-- Data extract follows --

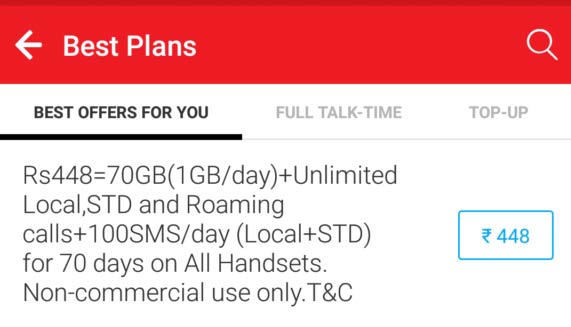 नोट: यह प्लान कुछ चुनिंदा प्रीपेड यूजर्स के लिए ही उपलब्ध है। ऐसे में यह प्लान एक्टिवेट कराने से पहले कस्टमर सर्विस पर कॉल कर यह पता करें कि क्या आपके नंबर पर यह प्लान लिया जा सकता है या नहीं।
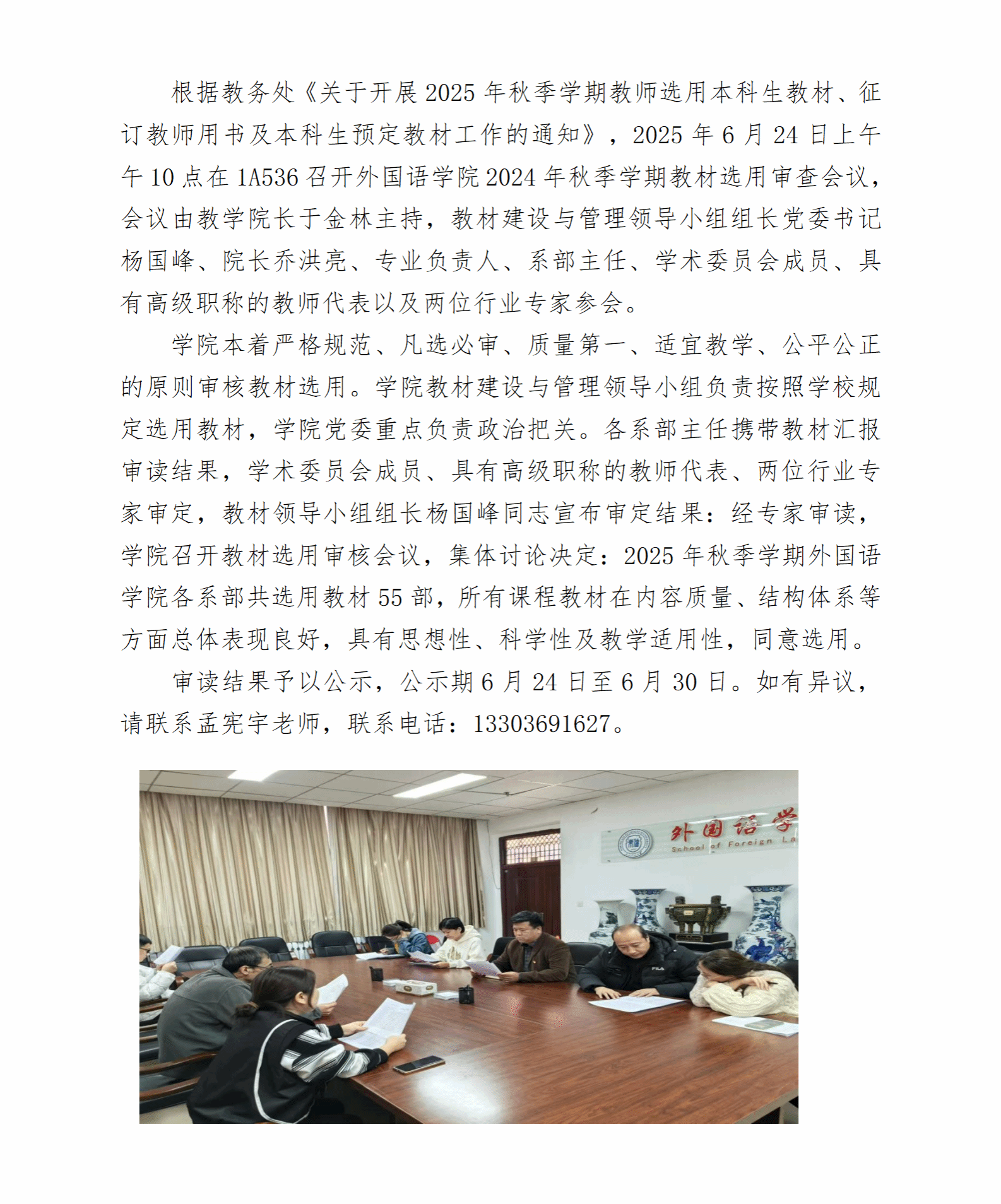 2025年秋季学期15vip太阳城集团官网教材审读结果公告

-- Data extract concluded --
-- Data extract follows --

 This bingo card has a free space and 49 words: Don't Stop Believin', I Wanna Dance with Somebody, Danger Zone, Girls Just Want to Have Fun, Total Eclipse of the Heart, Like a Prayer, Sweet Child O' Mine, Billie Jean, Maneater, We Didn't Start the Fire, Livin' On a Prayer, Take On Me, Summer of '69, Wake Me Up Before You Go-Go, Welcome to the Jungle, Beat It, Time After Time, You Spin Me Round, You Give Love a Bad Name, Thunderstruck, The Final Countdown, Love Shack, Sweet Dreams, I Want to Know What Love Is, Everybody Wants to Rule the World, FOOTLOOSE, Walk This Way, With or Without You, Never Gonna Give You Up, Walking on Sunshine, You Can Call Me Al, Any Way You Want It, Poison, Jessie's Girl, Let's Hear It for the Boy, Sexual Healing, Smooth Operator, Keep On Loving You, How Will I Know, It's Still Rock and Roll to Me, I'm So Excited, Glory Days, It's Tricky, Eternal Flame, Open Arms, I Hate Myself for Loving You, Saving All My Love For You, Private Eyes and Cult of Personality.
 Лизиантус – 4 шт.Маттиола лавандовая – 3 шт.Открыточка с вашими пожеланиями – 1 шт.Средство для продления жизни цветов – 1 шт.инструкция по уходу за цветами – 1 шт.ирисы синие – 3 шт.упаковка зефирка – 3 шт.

-- Data extract concluded --
-- Data extract follows --

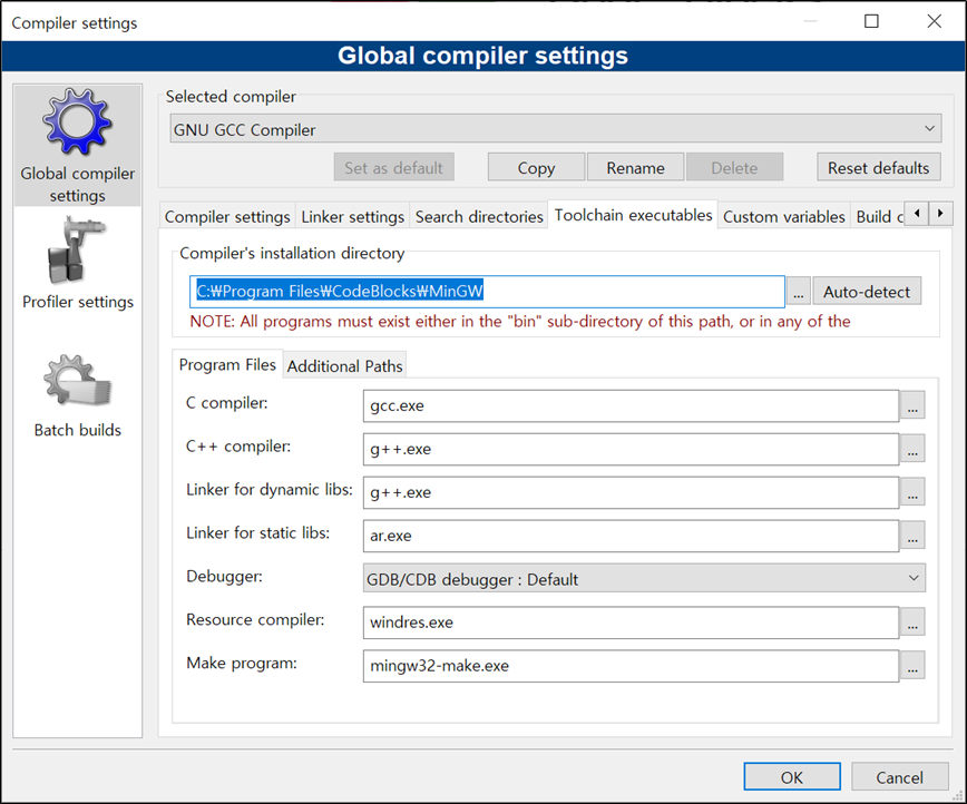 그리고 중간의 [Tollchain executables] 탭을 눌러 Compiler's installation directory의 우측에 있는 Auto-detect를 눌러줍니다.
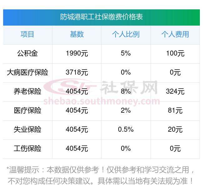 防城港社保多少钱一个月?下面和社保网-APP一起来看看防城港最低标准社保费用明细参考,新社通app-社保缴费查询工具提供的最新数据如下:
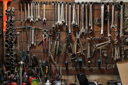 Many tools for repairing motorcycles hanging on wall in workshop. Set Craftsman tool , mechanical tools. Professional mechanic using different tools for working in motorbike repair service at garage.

-- Data extract concluded --

**Aim of the task:** Every line above from the one with "नोट: यह प्लान" down to the one with "2025年秋季学期15vip太阳城集团官网教材审读结果公告" must be written out exactly, and no picture may appear.

**Response for this exercise:**
 नोट: यह प्लान कुछ चुनिंदा प्रीपेड यूजर्स के लिए ही उपलब्ध है। ऐसे में यह प्लान एक्टिवेट कराने से पहले कस्टमर सर्विस पर कॉल कर यह पता करें कि क्या आपके नंबर पर यह प्लान लिया जा सकता है या नहीं।
 2025年秋季学期15vip太阳城集团官网教材审读结果公告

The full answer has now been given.